The response I got to my text "joke" on Friday was as follows: "Aw mate, don't say that, think positive, it's bound 2 help in some mysterious way".

At the risk of sounding like I'm trying to sound like Carrie Bradshaw, that got me thinking. Thinking positively is not something I've been doing throughout this experience. Optimism's not, as any readers who know me personally will be well aware, something that comes naturally to me anyway. I'm not the most upbeat, life-affirming type of gal in the most ordinary of circumstances, having inherited my father's propensity to "rage against the coming of the night". Being positive in the face of the genuine adversity of infertility is a ridiculous notion.

But would it help? Usually I think that people who skip about the world grinning inanely and proselytizing about the glass being half-full would be immeasurably improved by being shot at dawn. The procedure needed to turn me into one of them would be reminiscent of Jekyll and Hyde, and infinitely more traumatic than the HSG!

I categorically doubt the effect of positive thinking anyway.
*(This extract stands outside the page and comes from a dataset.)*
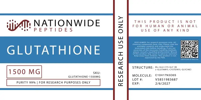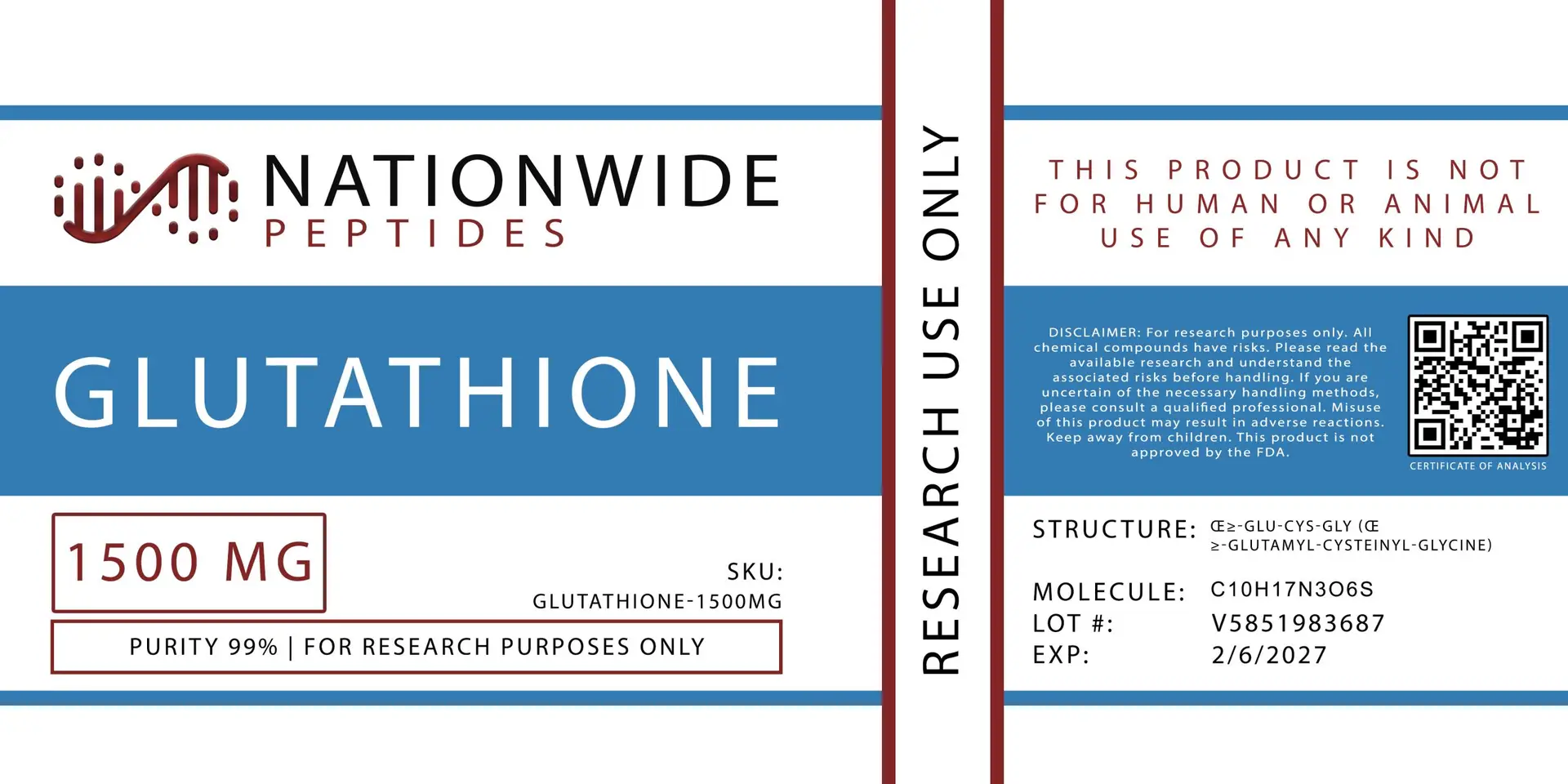 Glutathione (GSH) is the most abundant non-protein thiol in mammalian cells. This reduced γ-linked tripeptide (L-γ-glutamyl-L-cysteinyl-glycine) is a well-characterized molecule that has been extensively studied in the context of redox biology. As documented in the peer-reviewed literature, GSH serves as a cofactor for glutathione peroxidase (GPx) and glutathione S-transferase (GST), and plays a central role in cellular redox homeostasis (ncbi.nlm.nih.gov, pmc.ncbi.nlm.nih.gov). This research-grade lyophilized powder is produced under strict quality standards and includes full analytical documentation, making it suitable for in-vitro oxidative stress, redox signaling, and detoxification pathway research.

A recent study said that being optimistic and upbeat had absolutely no bearing on the survival rate in cancer patients. Now don't imagine that I've finally disappeared up my own arse in a fit of self-pity by comparing my situation to a terminal illness - I am not (yet) that self-obsessed. All I'm saying is that smiling lots and visualising flowers unfurling is not going to make my ovary magically not polycystic.

To put it more succinctly, I turn to a passage from Ben Elton's Inconceivable - a brilliant novel that's by turns funny and heartbreakingly accurate, and which is far superior to its subsequent film adaptation, Maybe Baby.

"I keep screaming inside, why the hell should I have to imagine a baby? Why can't I just have one?! Far less nice people than me have lots, and it's just not fair."

That's the absolute crux of it. Instead of an egg each month, I have a boiling ball of rage, frustration, jealousy and a sense of plain old Kevin the Teenager injustice.